Some of the internal weaknesses ailing JetBlue Company arise from its strategic maneuvers geared at luring customers and maintaining their loyalty. Low fares which are offered results in less money made. This in turn causes the company to pay its employees lesser amounts compared to other airlines (Weiss and Friesen 6). Low operating expenses of the company means reduced services to its customers contrary to what is offered by other airlines. The low cost operations have proved to be unsustainable as they undo to the company’s goal of offering high quality services (Carter, DiSciullo and Kalmans 4).
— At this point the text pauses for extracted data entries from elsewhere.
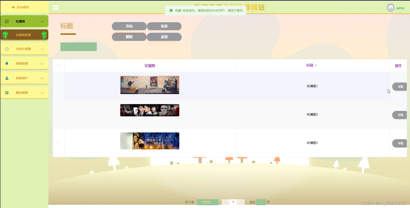 轮播图管理,在轮播图管理页面中可以查看索引标题、轮播图等信息,并可根据需要进行详情、修改、或删除等操作,如图5-8所示。
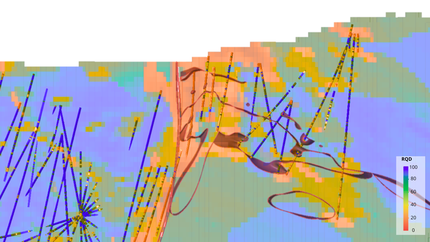 • Rock mass quality modeling – models representing the spatial variations in rock mass quality (e.g. RQD models, GSI models).
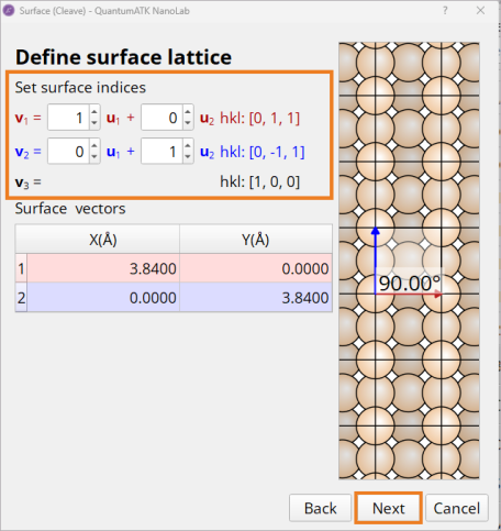 Builder Panel (1).In the Surface(Cleave) window, choose the [1,0,0] Miller indices (2) and click Next (3).
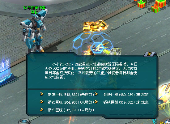 每晚19:00-23:59,勤劳的联盟护城使者都会将联盟四周散落在地上的树枝堆垒成火堆,供机师们点燃篝火。机师们可在钢铁巨舰四周寻找。
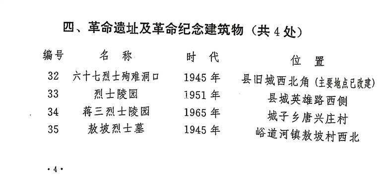 汾阳市档案馆珍藏的档号为002-1·1·1-513的档案里,一份题名为《关于公布首批县级重点文物保护单位的通知》(汾政发〔1993〕59号),汾阳市人民政府将蒋三烈士陵园确定为首批县级文物保护单位。蒋三烈士陵园坐落于汾阳市冀村镇唐兴庄村,是汾阳市人民政府为纪念抗日英雄蒋三于1965年修建。

The low cost of operations is therefore closely linked to another weakness, that is, the high ultimate cost of the direct T.V and internet offered to customers. The escalating costs from these services which define the high quality offered by the airline will eventually lead to financial stress.
The timing of entry to the market poses serious internal weaknesses to JetBlue. These weaknesses are: being still new to the industry, lack of diversification of tests, and lateness of expansion into the market. These three factors make the company to still be engulfed in uncertainty of ever succeeding in the long-term. The prospects of diversifying tests and expanding into larger markets are unlikely given the complexity of the company’s ability to merge with established airlines due to pricing differences.
Two operational internal weaknesses the company faces are lack of forecast management and higher average airborne time. JetBlue lacks forecast management since there is no appropriate management judgment on the choice of using a single kind of airplane. If the Airbus models the company exclusively relies on are to be diagnosed with any type of operational imperfections, the company would close operations. The higher airborne time without stop-over, which is a cost cutting measure (Carter, DiSciullo and Kalmans 5), is quite tedious for travelers. This internal weakness makes the company lose customers who would prefer to disembark for some time during long-distance journeys.